Philosophe sui generis, Aliocha Wald Lasowski a naguère trouvé sa place dans nos colonnes. Voilà qu’il y revient avec un texte dense et intense, un texte à l’image de celui dont il traite, ce penseur qui fut une des figures marquantes du XXe siècle littéraire et du tout début du XXIe. Nous parlons de l’Antillais Édouard Glissant. Mort en 2011, Glissant nous reste comme un des intellectuels les plus éminents du XXe siècle, qui marqua une francophonie en gestation en même temps qu’une gauche postcoloniale échappant à toute inféodation. On notera cependant qu’il fut membre du bureau exécutif du Parlement international des écrivains en même temps que Salman Rushdie, Jacques Derrida, Pierre Bourdieu, Christian Salmon, Breyten Breytenbach et Adonis. Il était par ailleurs proche d’Aimé Césaire, de Patrick Chamoiseau ou encore de René Depestre comme de tout ce qui tentait d’affirmer une culture des Caraïbes. Le grand Frantz Fanon lui fut un modèle. Par ailleurs, il reçut en France une formation philosophique et s’inspira en particulier de la pensée anti-œdipienne de Deleuze et de Guattari. Soit autant de points de repères qui aident à situer un Glissant que l’on peut qualifier aujourd’hui de magnifique.

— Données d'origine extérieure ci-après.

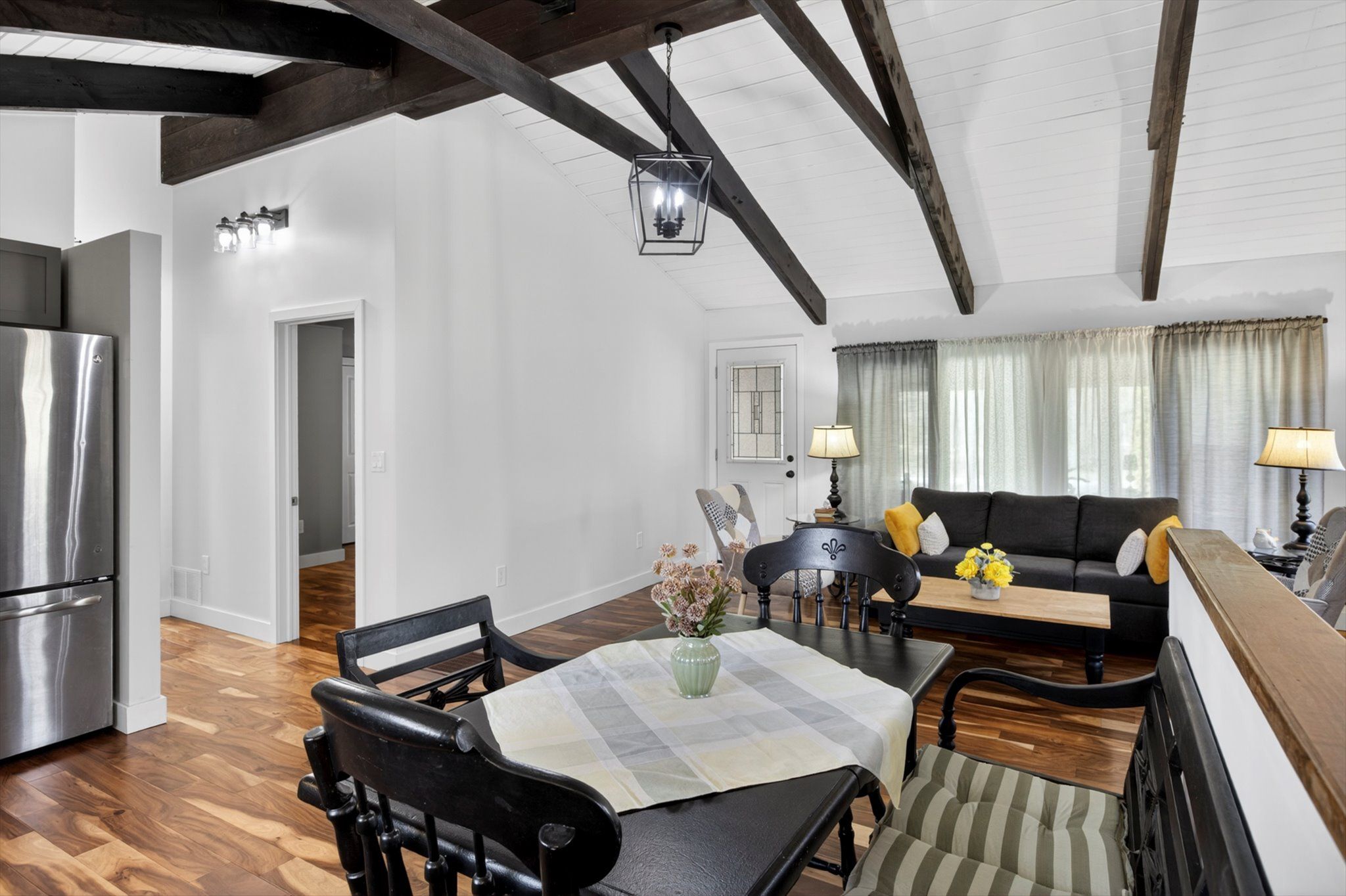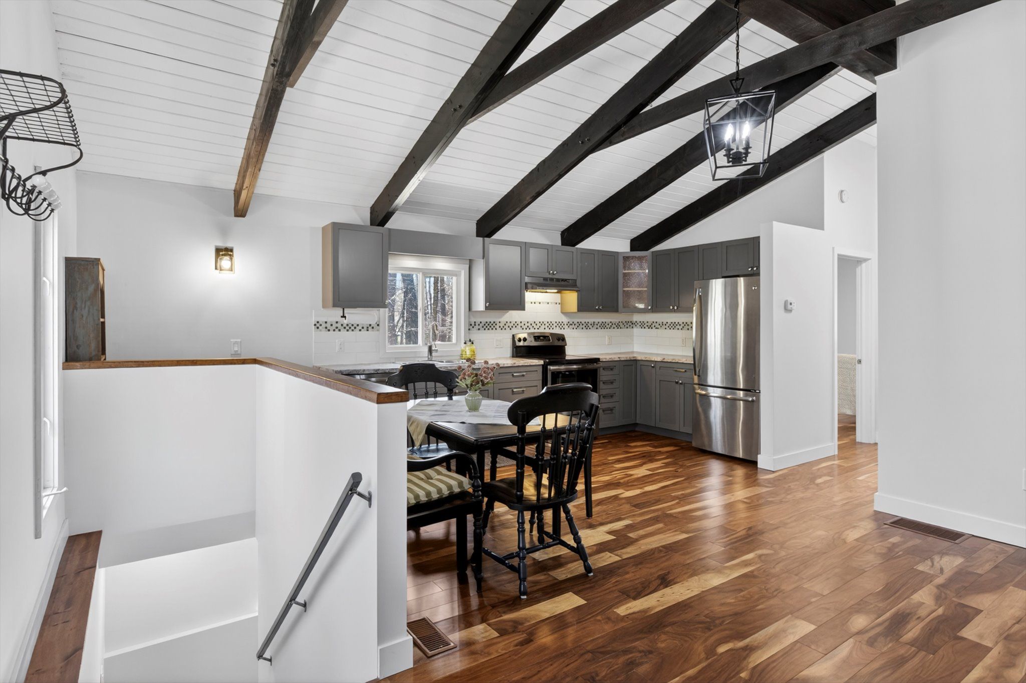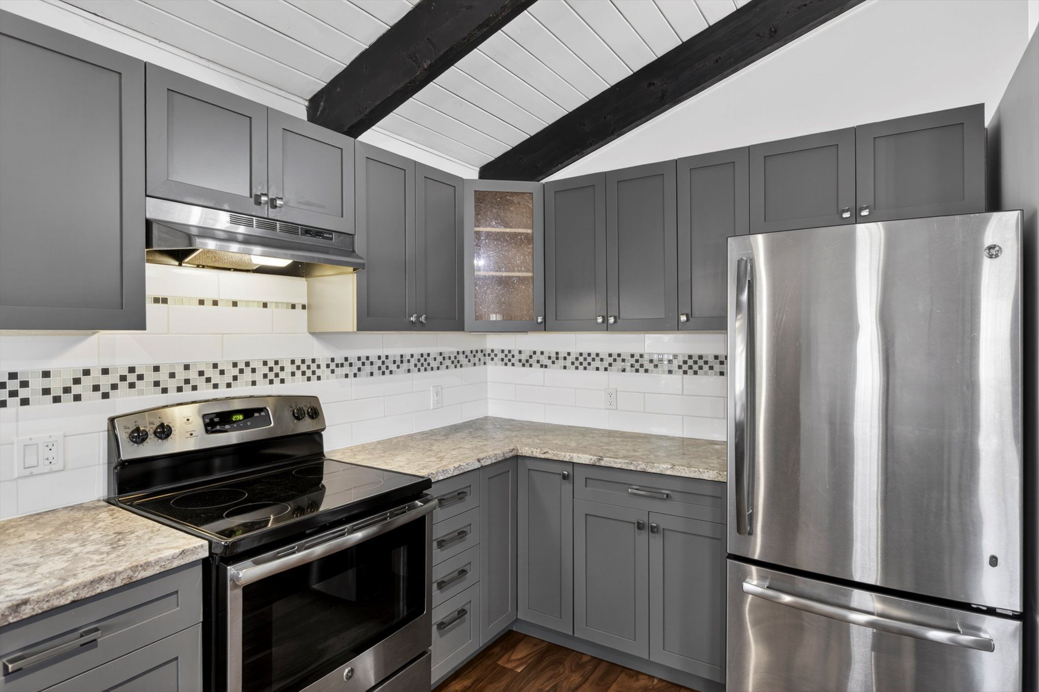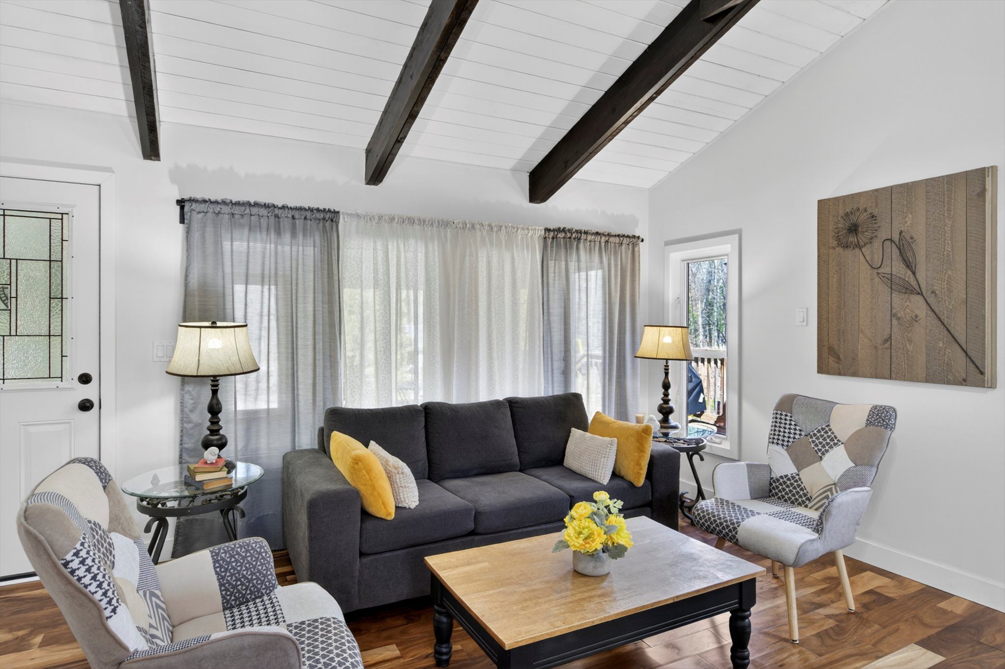 • Bright open-concept main floor with vaulted ceilings and a modern kitchen.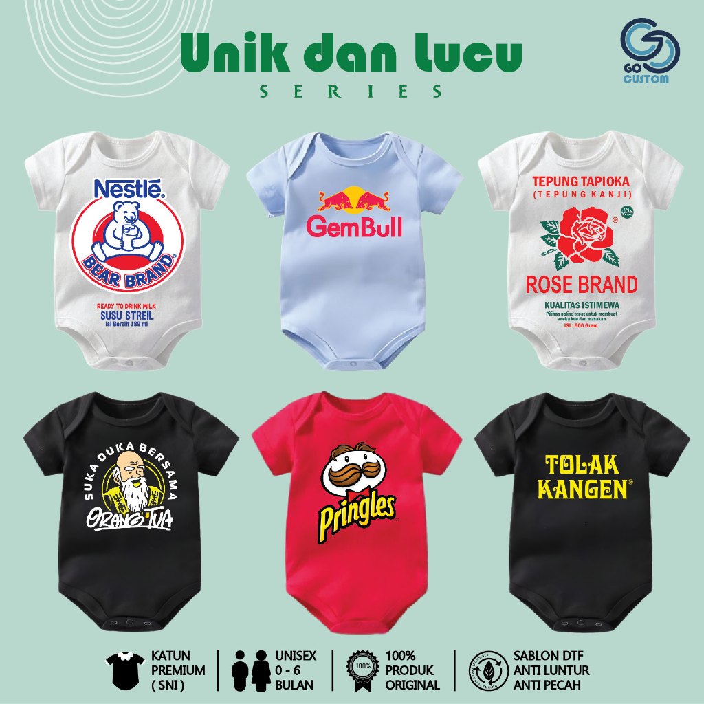 Baju Bayi Jumper Baby Karakter F&B Cemilan Lucu Kaos Bayi Usia 0-6 Bulan
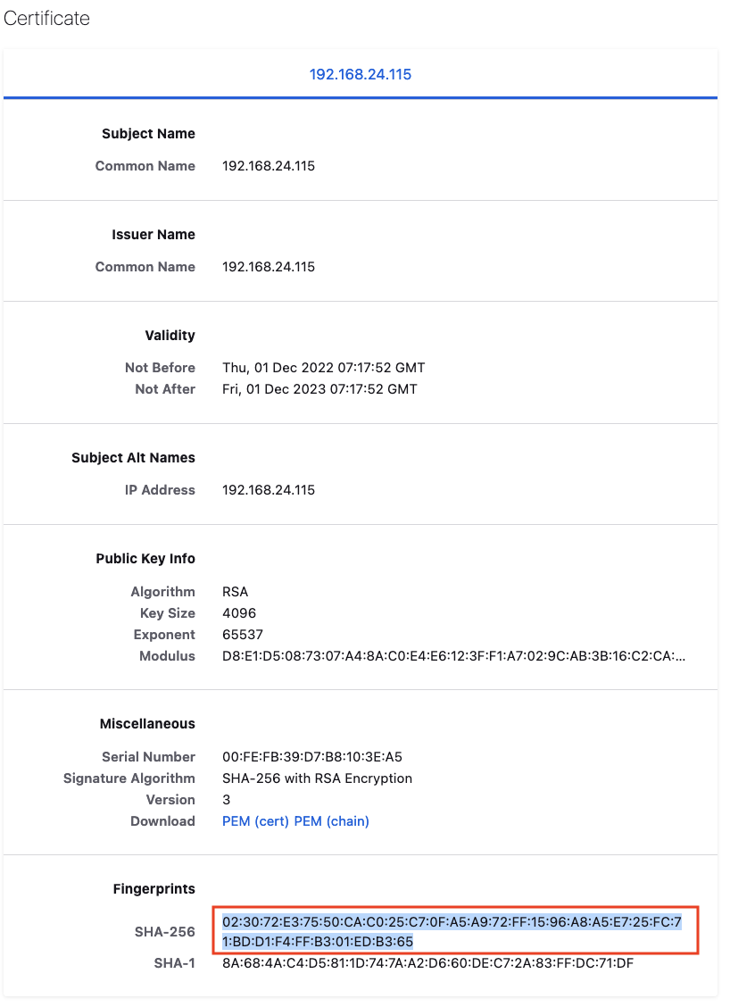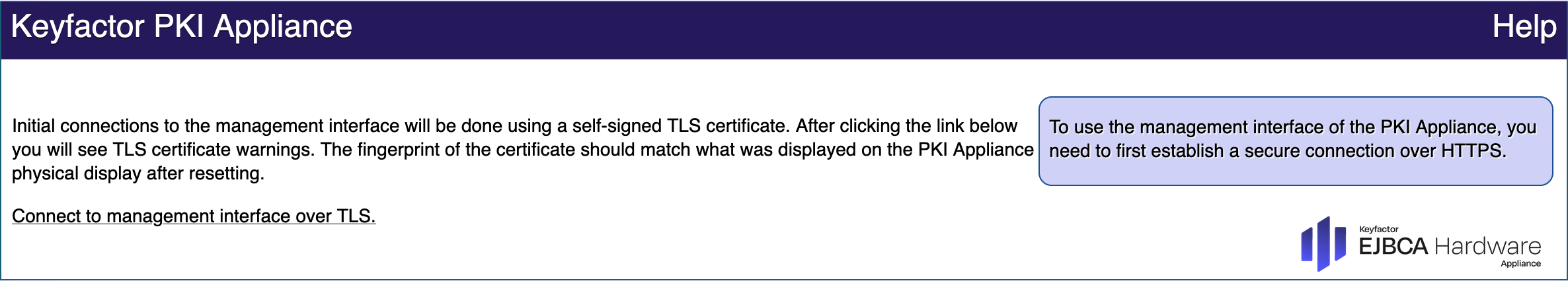 To establish the connection to the Hardware Appliance, you must verify the TLS certificate by confirming the TLS fingerprint. To do this, you need the TLS fingerprint as described in Step 2: One Time Password and TLS Fingerprint.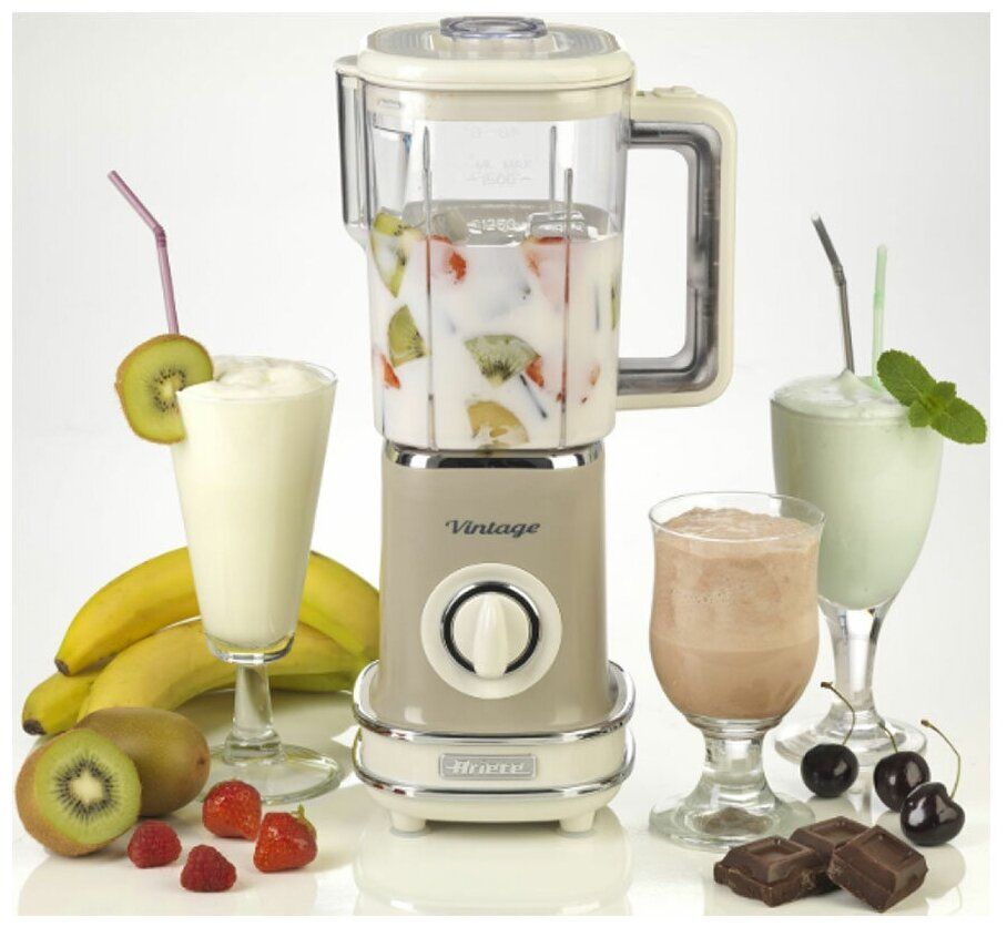 Незаменимым и стильным помощником на кухне без сомнения станет стационарный блендер Ariete Vintage 568, дополнивший коллекцию Vintage. Коктейли, крем-супы, смузи, детское питание и многое другое – ему все под силу. Вместительная чаша на полтора литра с мерными делениями позволит приготовить необходимое вам количество продукта. Поместите необходимые ингредиенты в чашу, закройте крышку. В крышке есть специальное загрузочное отверстие для добавления дополнительных ингредиентов в процессе работы прибора. Простое управление осуществляется поворотным механизмом на передней панели прибора. Прибор располагает двумя скоростями, есть также режим импульс. Удобная система хранения позволит сэкономить место, когда блендер вам не требуется.

Prestigieuse en même temps que plurielle et voyageuse, la figure de Glissant fut associée à bien des causes et des luttes mais elle ne le fut jamais aussi bien que dans le présent volume. Tel est le bénéfice d’un effet spéculaire que cultive subtilement ici même Aliocha Wald Lasowski et qui porte son empreinte toute personnelle. Car s’il est une image que s’approprie sans mal le critique, c’est bien celle largement entretenue et célébrée par Glissant de l’archipel. Elle résume superbement la personnalité du poète et philosophe comme de l’enfant des Antilles. Or, l’effet est double : c’est que cette image est associée au territoire d’où provient le personnage décrit mais tout autant celle à laquelle ce personnage s’est identifié — vouant un véritable culte à ces différentes régions du monde constituées en chapelets d’îles. Mais c’est encore que le philosophe et critique qu’est Aliocha Wald Lasowski a visiblement conçu son ouvrage en lui donnant de quelque manière une forme archipélique.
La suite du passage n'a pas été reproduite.